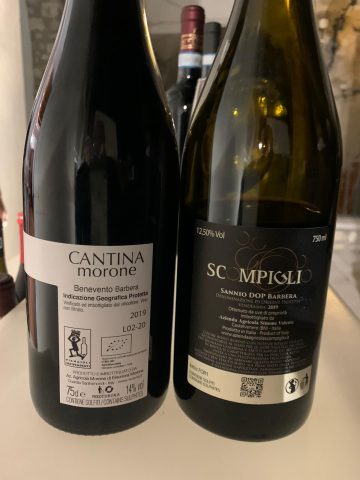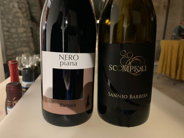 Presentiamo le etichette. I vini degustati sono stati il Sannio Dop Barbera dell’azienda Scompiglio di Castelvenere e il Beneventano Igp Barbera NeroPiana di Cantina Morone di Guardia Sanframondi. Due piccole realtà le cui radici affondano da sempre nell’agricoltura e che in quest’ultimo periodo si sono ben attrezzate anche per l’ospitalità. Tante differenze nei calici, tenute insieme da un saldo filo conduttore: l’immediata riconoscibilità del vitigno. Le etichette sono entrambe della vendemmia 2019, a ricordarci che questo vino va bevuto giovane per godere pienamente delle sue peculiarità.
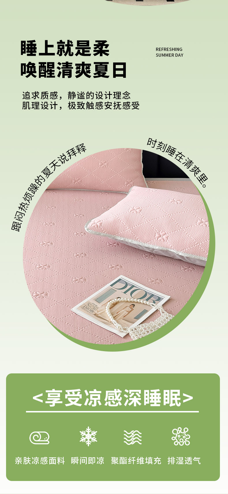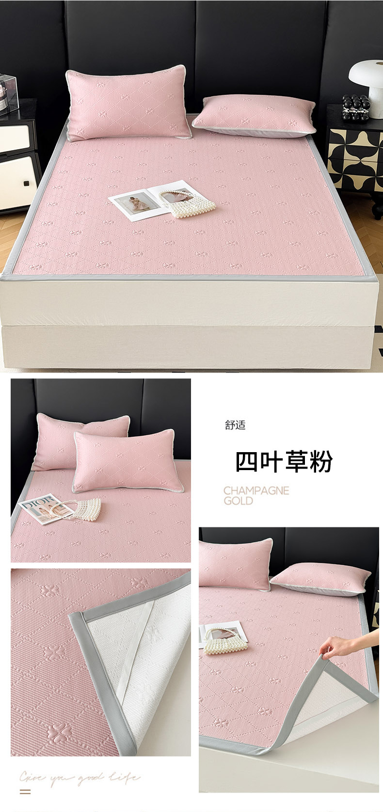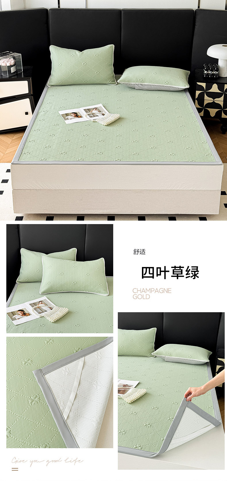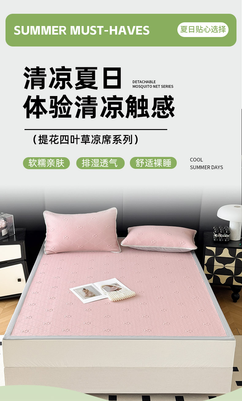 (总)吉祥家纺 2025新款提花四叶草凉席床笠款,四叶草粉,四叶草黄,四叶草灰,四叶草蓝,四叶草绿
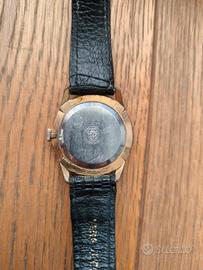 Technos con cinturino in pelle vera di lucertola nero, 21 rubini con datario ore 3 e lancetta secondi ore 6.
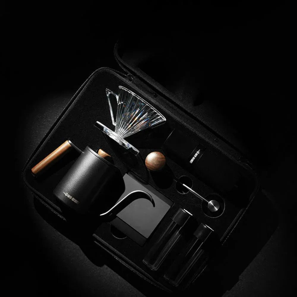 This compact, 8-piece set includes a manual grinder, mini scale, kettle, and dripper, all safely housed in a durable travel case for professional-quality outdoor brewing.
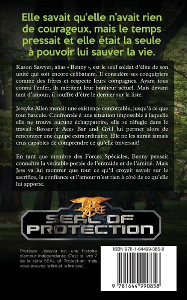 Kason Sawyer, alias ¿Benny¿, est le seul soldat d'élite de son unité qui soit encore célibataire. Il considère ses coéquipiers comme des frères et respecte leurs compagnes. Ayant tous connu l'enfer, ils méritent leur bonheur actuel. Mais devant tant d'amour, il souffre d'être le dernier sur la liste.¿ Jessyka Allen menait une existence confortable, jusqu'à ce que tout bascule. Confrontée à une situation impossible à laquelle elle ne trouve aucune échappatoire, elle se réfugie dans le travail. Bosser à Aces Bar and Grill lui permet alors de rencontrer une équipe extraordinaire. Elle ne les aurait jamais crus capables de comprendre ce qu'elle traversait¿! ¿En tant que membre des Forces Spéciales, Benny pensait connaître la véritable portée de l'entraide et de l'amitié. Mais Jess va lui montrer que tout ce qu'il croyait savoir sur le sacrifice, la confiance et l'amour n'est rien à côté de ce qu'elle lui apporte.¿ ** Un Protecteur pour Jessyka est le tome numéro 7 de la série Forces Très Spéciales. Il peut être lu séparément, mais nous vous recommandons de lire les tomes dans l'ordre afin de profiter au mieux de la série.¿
------------------------------------------------
What is being asked
Would you give the data above again word for word, minus the pictures?

Response below
 Presentiamo le etichette. I vini degustati sono stati il Sannio Dop Barbera dell’azienda Scompiglio di Castelvenere e il Beneventano Igp Barbera NeroPiana di Cantina Morone di Guardia Sanframondi. Due piccole realtà le cui radici affondano da sempre nell’agricoltura e che in quest’ultimo periodo si sono ben attrezzate anche per l’ospitalità. Tante differenze nei calici, tenute insieme da un saldo filo conduttore: l’immediata riconoscibilità del vitigno. Le etichette sono entrambe della vendemmia 2019, a ricordarci che questo vino va bevuto giovane per godere pienamente delle sue peculiarità.
 (总)吉祥家纺 2025新款提花四叶草凉席床笠款,四叶草粉,四叶草黄,四叶草灰,四叶草蓝,四叶草绿
 Technos con cinturino in pelle vera di lucertola nero, 21 rubini con datario ore 3 e lancetta secondi ore 6.
 This compact, 8-piece set includes a manual grinder, mini scale, kettle, and dripper, all safely housed in a durable travel case for professional-quality outdoor brewing.
 Kason Sawyer, alias ¿Benny¿, est le seul soldat d'élite de son unité qui soit encore célibataire. Il considère ses coéquipiers comme des frères et respecte leurs compagnes. Ayant tous connu l'enfer, ils méritent leur bonheur actuel. Mais devant tant d'amour, il souffre d'être le dernier sur la liste.¿ Jessyka Allen menait une existence confortable, jusqu'à ce que tout bascule. Confrontée à une situation impossible à laquelle elle ne trouve aucune échappatoire, elle se réfugie dans le travail. Bosser à Aces Bar and Grill lui permet alors de rencontrer une équipe extraordinaire. Elle ne les aurait jamais crus capables de comprendre ce qu'elle traversait¿! ¿En tant que membre des Forces Spéciales, Benny pensait connaître la véritable portée de l'entraide et de l'amitié. Mais Jess va lui montrer que tout ce qu'il croyait savoir sur le sacrifice, la confiance et l'amour n'est rien à côté de ce qu'elle lui apporte.¿ ** Un Protecteur pour Jessyka est le tome numéro 7 de la série Forces Très Spéciales. Il peut être lu séparément, mais nous vous recommandons de lire les tomes dans l'ordre afin de profiter au mieux de la série.¿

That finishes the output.